The NLP pipeline was designed with the ultimate goal of electronically validating true cases of pneumonia among the 81,707 putative episodes that initially met inclusion criteria based on documentation by a total of 225,893 chest x-ray reports. Inclusion of an episode required documentation at least one chest X-ray report. Pneumonia episodes were grouped into one of two cohorts and parsed through the NLP pipeline. Creating the NLP pipeline was an essential first step in achieving pneumonia status classification as described below.

2.3.1. Lexicon

The NLP pipeline is outlined in Figure S2 (See Appendix). A dictionary of keywords (lexicon) enumerating positive and negative qualifiers for a confirmed pneumonia diagnosis was developed as the critical component contributing to NLP pipeline functionality. (Table S1 (See Appendix)). Terminology included in the dictionary was informed by a detailed literature review to obtain a list of key words to validate ‘presence’ or ‘absence’ of pneumonia in the radiology report. Further, the data abstraction manual developed by Dublin et al.⁵, was reviewed and a list of key words extracted that could classify terminology in radiology reports as ‘consistent’ or ‘inconsistent’ with presence of pneumonia. Complex features were manually reviewed. The keywords in the dictionary were mapped to a list of concept unique identifiers (CUIs) representing the primary radiological findings in chest X-ray reports validating presence/absence of pneumonia and its phenotypic features. ‘Clinical Text Analysis and Knowledge Extraction System’ (cTAKES)¹⁰, an open sourced NLP system developed by Mayo Clinic which combines rule-based and machine learning (ML) techniques¹¹ to extract information from clinical documents, was used to analyze text-based interpretations of radiographic reports. The cTAKES platform was used to extract CUI’s from the unified medical language system (UMLS) database¹² to develop a domain-specific lexicon (Figure S3 (See Appendix)).

2.3.2. Classification rules

A set of rules was further developed to support classification of each pneumonia episode into one of three categories: 1) ‘positive’, 2) ‘negative’ or 3) ‘not classified: requires manual review’, based on tagged concepts that validate or refute the diagnostic code. Text review of radiology notes limited focus to the ‘Findings’, and ‘Impression’ sections of a radiology notes where radiologists summarized their observations and interpretations of the chest x-ray features important in classifying the episodes (See Figure 2.). The ‘Clinical indications’ section of the notes was not included because it mostly represented the differential diagnosis of the clinician which prompted the chest x-ray order placed to further investigate suspicion of pneumonia.

Fig. 2 — Examples of mapping between “positive” and “negative” qualifiers from radiology text and concept unique identifiers (CUIs) from UMLS.

A set of three rules was defined to identify putative pneumonia cases based on ‘positive’ and ‘negative’ qualifiers (concepts) from the radiology reports. These three rules included:

I. Rule of Hierarchy:

The presence of at least one positive qualifier in the radiographic notes classifies the episode as ‘positive’ for pneumonia. A hierarchical approach was followed where a positive qualifier would supersede a negative qualifier in classifying episodes. Absence of either of qualifier renders that episode as ‘unclassified’.

II. Rule of Majority:

In contrast to the ‘hierarchical approach’, episode classification was based on ‘majority’ content of qualifiers in the radiographic note which were either classified as ‘positive’ or ‘negative’ found in either ‘Findings’ and ‘Impression’ sections

III. Rule of Majority (‘I’):

Episode classification was based on the ‘majority’, or number of positive or negative qualifiers in the radiographic note, limited only to those found in the ‘Impression’ section of the radiological note.

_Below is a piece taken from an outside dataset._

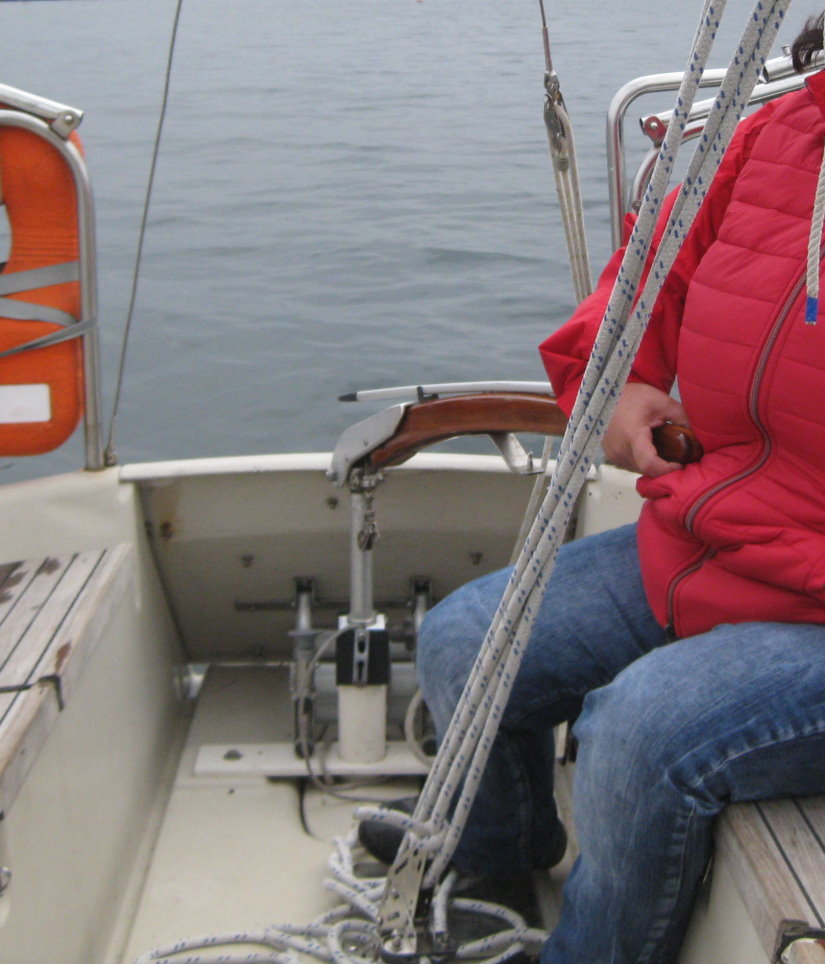 bei unseren Dehlyas haben wir den Vorteil, dass die Pinnenaufnahme in der Höhe mit der Schraube verstellt werden kann. Deshalb kann man bei einer einfach gebogenen Pinne auch ganz hinten sitzen und man bekommt trotzdem die Beine darunter. Die Pinnenverlängerung passt auch wunderbar drauf, ohne dass sie irgendwo übersteht.

This contrasts with the rules of hierarchy and majority that considered qualifiers in both ‘Findings’ and ‘Impression’ sections.

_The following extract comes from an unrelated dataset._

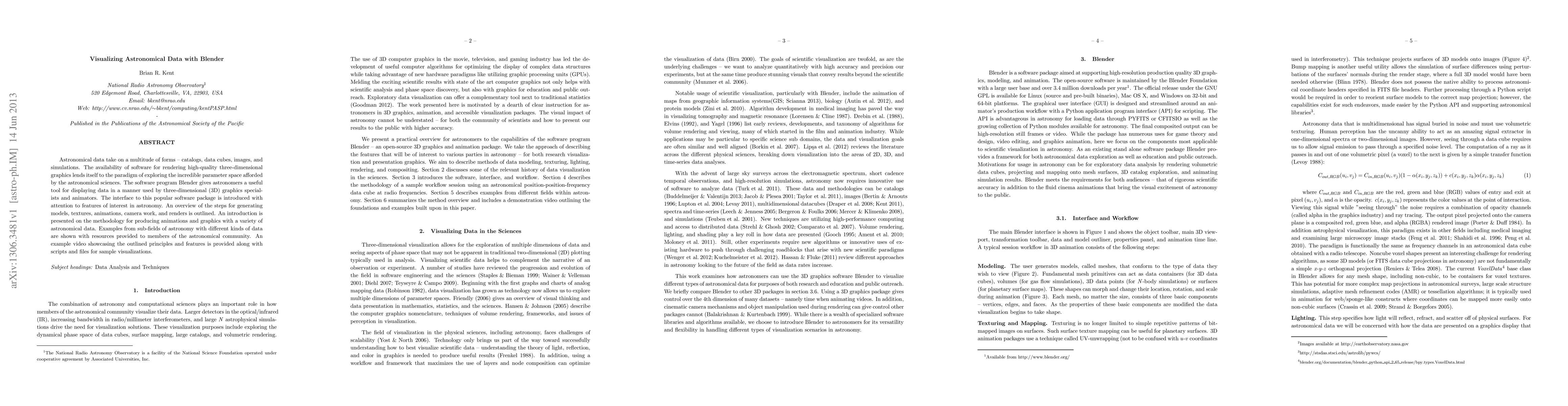 This paper introduces Blender as a tool for visualizing astronomical data, outlining steps for generating models, textures, and animations. It provides examples from various sub-fields of astronomy and includes resources and sample visualizations to aid the astronomical community.

In the event of equivalent representation of both positive and negative qualifiers in a given episode, that episode was classified as positive.

A set of decision rules was adapted from the abstraction guide provided by Dublin et al.⁵ to address inconsistencies in radiology reports. For example, in the sentence “There is parenchymal density present at the right lung base that is certainly consistent with a history of pneumonia/atelectasis”, the NLP tool identifies both ‘positive’ (pneumonia) and ‘negative’ (atelectasis) concepts, thus lending ambiguity to definitive classification of such records. The decision rule shown in Table 2 was adapted to address the above-stated ambiguity.

Table 2:

Decision rules to classify radiology reports having both positive and negative concepts.

Pneumonia : Negative	Pneumonia : Positive
“Pneumonia or atelectasis”	“pneumonia and atelectasis”
“Pneumonia vs atelectasis”
“pneumonia / atelectasis”
“pneumonia and /or atelectasis”

Open in a new tab

2.3.3. Validation of NLP pipeline

To validate the pneumonia case classification based on the defined rules, a subset of records of subjects consisting of 90 radiological reports related to 51 putative pneumonia encounters classified into 38 pneumonia episodes (dataset 1) meeting inclusion criteria were randomly chosen and analyzed. Subjects selected for parsing through the NLP pipeline to test accuracy of NLP-based pneumonia classification rules each had multiple pneumonia encounters occurring during multiple pneumonia episodes and multiple chest X-ray reports. Concurrently, the same 90 radiological reports used to test the NLP classification rules were also independently reviewed manually by two reviewers. The first reviewer (JGV), a pulmonologist and intensivist, classified each pneumonia event based on extensive clinical expertise. Pulmonologist review was deemed the ‘gold standard’. While blinded to classification of reviewer 1, a second reviewer (AP), a researcher with training in informatics and dentistry, independently classified the same set of records, utilizing the CUI reference list (concepts) created to support NLP-assisted pneumonia classification. Inter-rater reliability calculated between the two reviewers indicated strong agreement (Kappa=0.945). A further subset of records consisting of 43 radiology reports related to 22 putative pneumonia encounters grouped into 14 distinct pneumonia episodes was randomly chosen (dataset 2). These records were parsed by the NLP tool and also independently classified by reviewer 2 (AP) while blinded to NLP classification. The NLP outcomes of dataset 2 were compared with outcomes of reviewer 2. A 95% confidence interval (CI) was calculated by the normal approximation to the binomial distribution. Fisher’s exact test was used to test the calls from each rule for significance of association with the gold standard within each dataset.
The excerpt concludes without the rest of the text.